The specific process of creating Application object is as follows:

--> Instrumentation#newApplication
--> Instrumentation#Newapplication initializes the Application instance
--> Application#attach
--> Application#attachBaseContext 

Now that our Application process and Application are initialized, let's look at how to place the service in mPendingServices after the process is started.

Activitymanagerservice? Attachapplicationlocked -- start the service after the process starts

As mentioned before, after the process is started, ActivityThread will report to AMS, and it will call activitymanagerservice ා attachapplicationlocked method. It is the old rule. We only look at the relevant core content:

private final boolean attachApplicationLocked(IApplicationThread thread,...) {
    // Call the activitythread ා bindapplication method on the Application side to complete Application initialization
    thread.bindApplication(processName, ...);

    // Find any services that should be running in this process...
    // Call the activeservices? Attachapplicationlocked method to execute the service in mPendingServices
    didSomething |= mServices.attachApplicationLocked(app, processName);

In the activeservices? Attachapplicationlocked method, the mPendingServices will be traversed, and the activeservices? Realstartservicelocked method will be executed for each service. The specific code is as follows:

boolean attachApplicationLocked(ProcessRecord proc, String processName){
    if (mPendingServices.size() > 0) {
        ServiceRecord sr = null;
        for (int i=0; i<mPendingServices.size(); i++) {
            sr = mPendingServices.get(i);
            realStartServiceLocked(sr, proc, sr.createdFromFg);

In the activeservices ා realstartservicelocked method, the activitythread ා schedulecreateservice method will be called through Binder to tell the application to start the Service; then the activeservices ා sendserviceargslocked method will be called through Binder to call the activitythread ා scheduleserviceargs method, and finally the Service ා onstartcommand method. See the details below.

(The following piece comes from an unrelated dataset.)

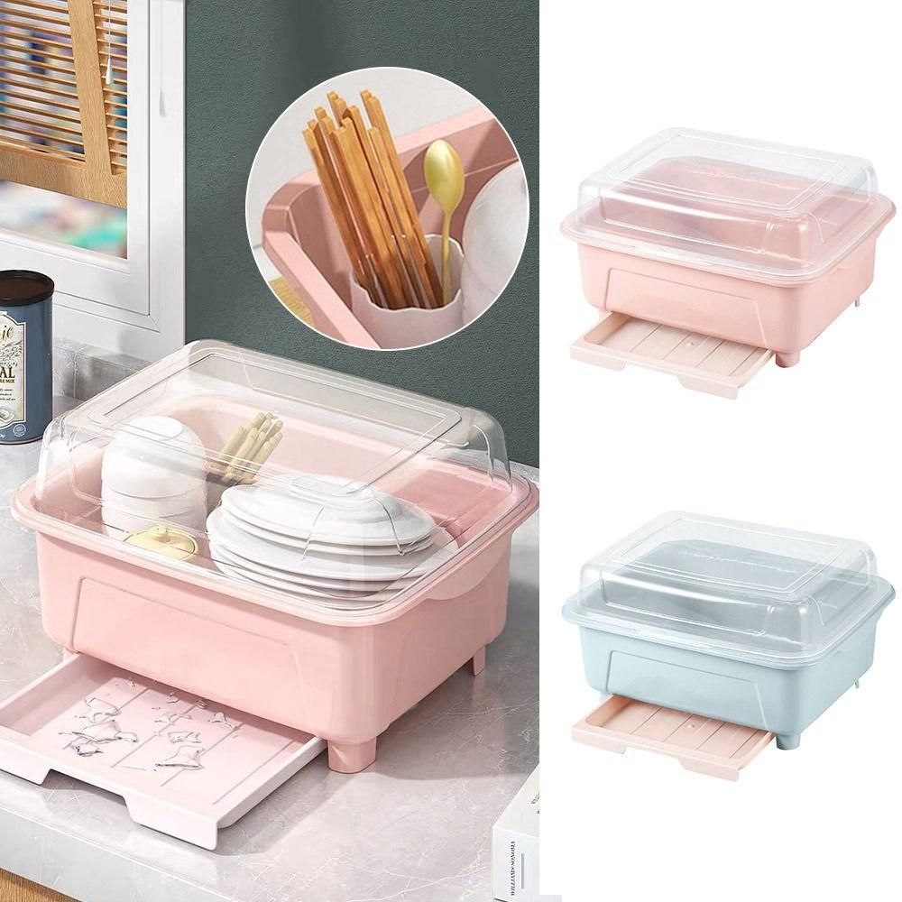 С крышкой сушилка для посуды пластиковый кухонный лоток для столовых приборов коробка для хранения посуды кухонные принадлежности — купить товар онлайн с бесплатной доставкой по всему миру!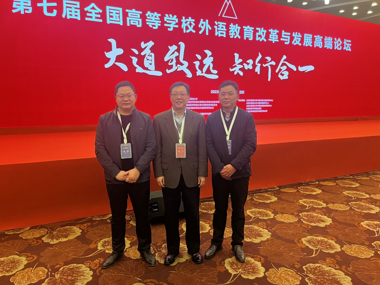 3月24—26日,第七届全国高等学校外语教育改革与发展高端论坛在北京召开,学院院长王宗华、特聘教授肖飞、副院长李争应邀参会。

Start service - activitythread - schedulecreateservice

The call chain is as follows:

--> Send out`H.CREATE_SERVICE`Message to main thread
--> ActivityThread#handleCreateService

In the activitythread ා handlecreateservice method, the Service class will be initialized and its onCreate method will be called. The core code is as follows:

private void handleCreateService(CreateServiceData data) {
    // Initialize Service object
    java.lang.ClassLoader cl = packageInfo.getClassLoader();
    Service service = (Service) cl.loadClass(;

    ContextImpl context = ContextImpl.createAppContext(this, packageInfo);
    // Get the corresponding Application object
    Application app = packageInfo.makeApplication(false, ...);
    // Call the service × oncreate() method
onStartCommand of calling service -- activitythread ා (scheduleserviceargs)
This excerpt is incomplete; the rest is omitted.